<<<<
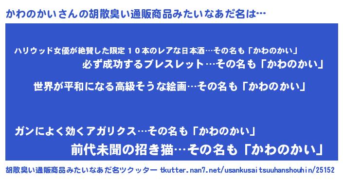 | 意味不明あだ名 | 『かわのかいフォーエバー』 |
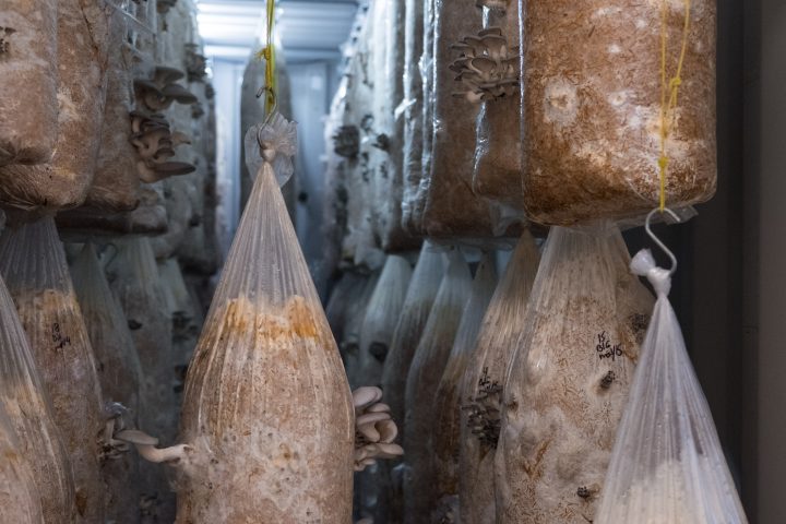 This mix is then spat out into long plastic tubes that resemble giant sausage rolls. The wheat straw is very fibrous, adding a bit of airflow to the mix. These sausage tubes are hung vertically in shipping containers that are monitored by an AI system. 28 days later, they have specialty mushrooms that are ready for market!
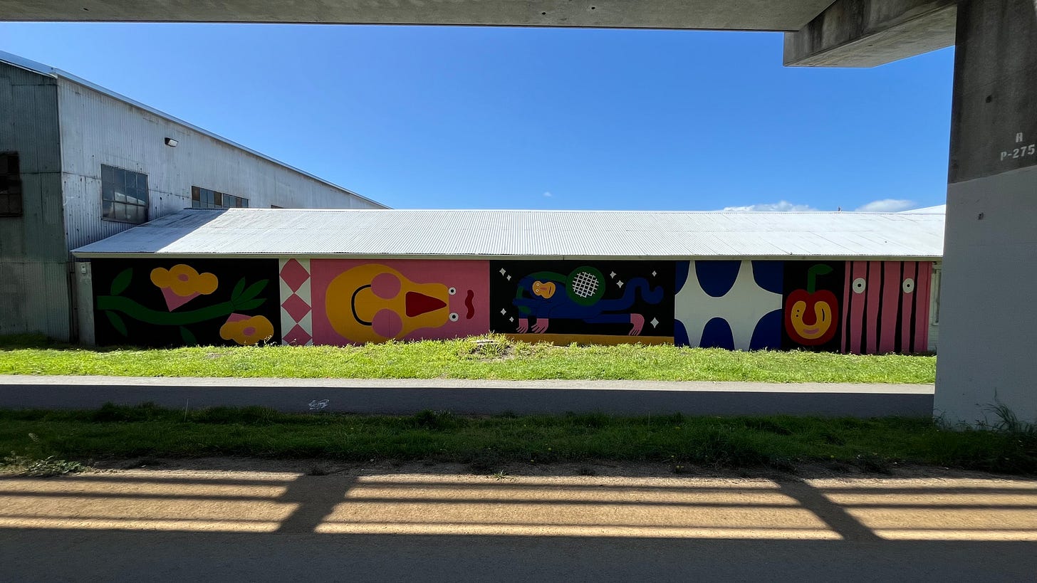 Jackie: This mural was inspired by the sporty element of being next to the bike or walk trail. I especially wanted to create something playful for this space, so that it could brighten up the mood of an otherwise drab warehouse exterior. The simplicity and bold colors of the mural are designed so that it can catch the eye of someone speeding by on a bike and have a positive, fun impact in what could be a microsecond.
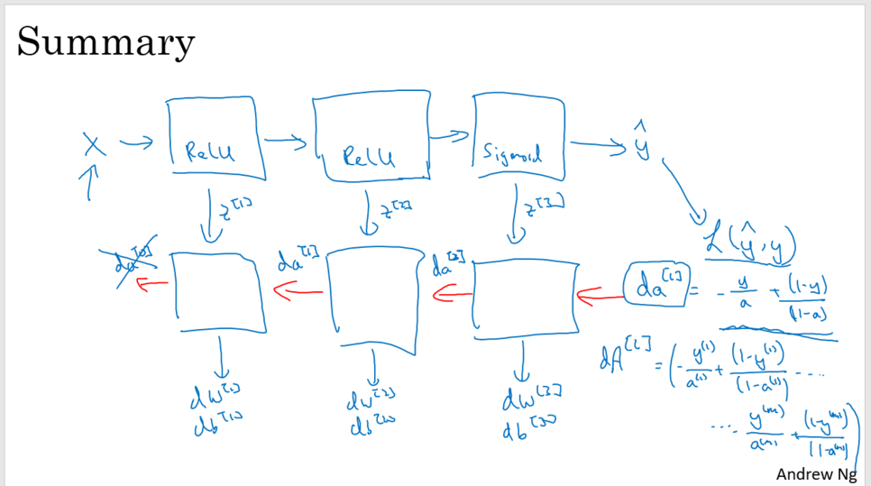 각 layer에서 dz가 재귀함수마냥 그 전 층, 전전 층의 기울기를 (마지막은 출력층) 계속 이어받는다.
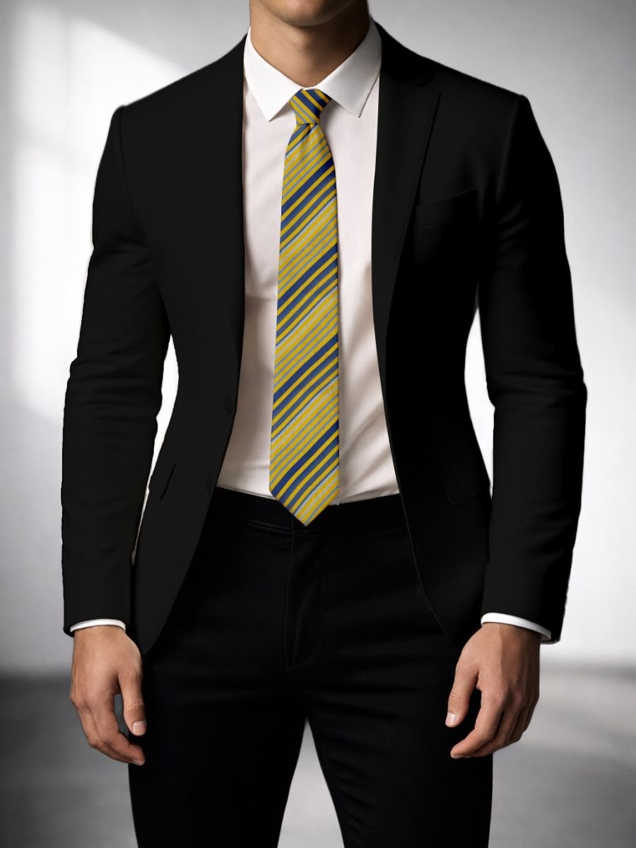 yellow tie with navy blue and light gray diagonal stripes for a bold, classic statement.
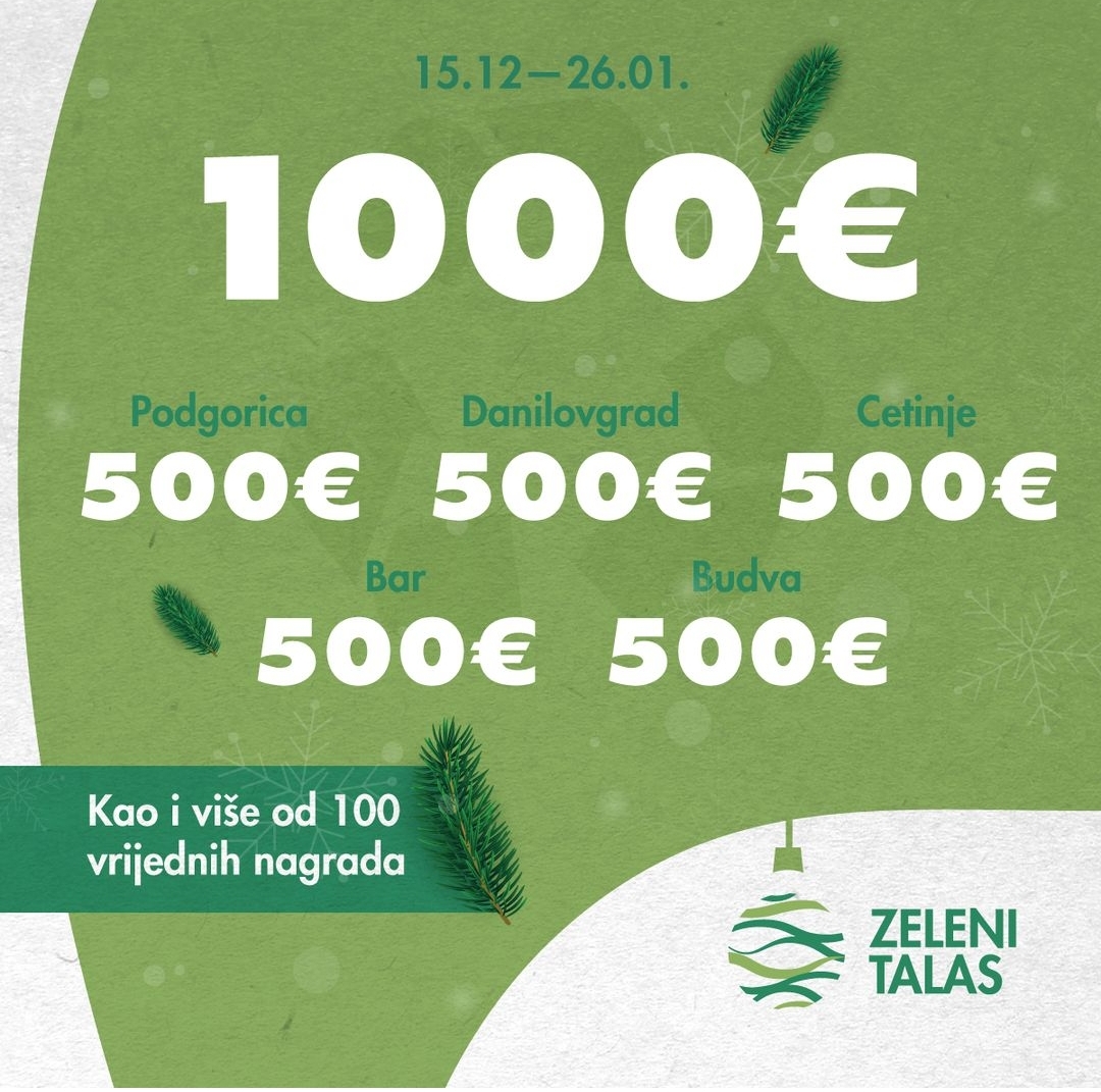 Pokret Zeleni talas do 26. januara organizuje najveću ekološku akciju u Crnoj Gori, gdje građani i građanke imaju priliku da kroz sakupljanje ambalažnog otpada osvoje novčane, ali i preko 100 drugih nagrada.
>>>>
> Aim of the task
Exactly the lines from the one holding "각 layer에서 dz가" to the last line of the records above should be duplicated, with no pictures among them.

> Exercise solution
 각 layer에서 dz가 재귀함수마냥 그 전 층, 전전 층의 기울기를 (마지막은 출력층) 계속 이어받는다.
 yellow tie with navy blue and light gray diagonal stripes for a bold, classic statement.
 Pokret Zeleni talas do 26. januara organizuje najveću ekološku akciju u Crnoj Gori, gdje građani i građanke imaju priliku da kroz sakupljanje ambalažnog otpada osvoje novčane, ali i preko 100 drugih nagrada.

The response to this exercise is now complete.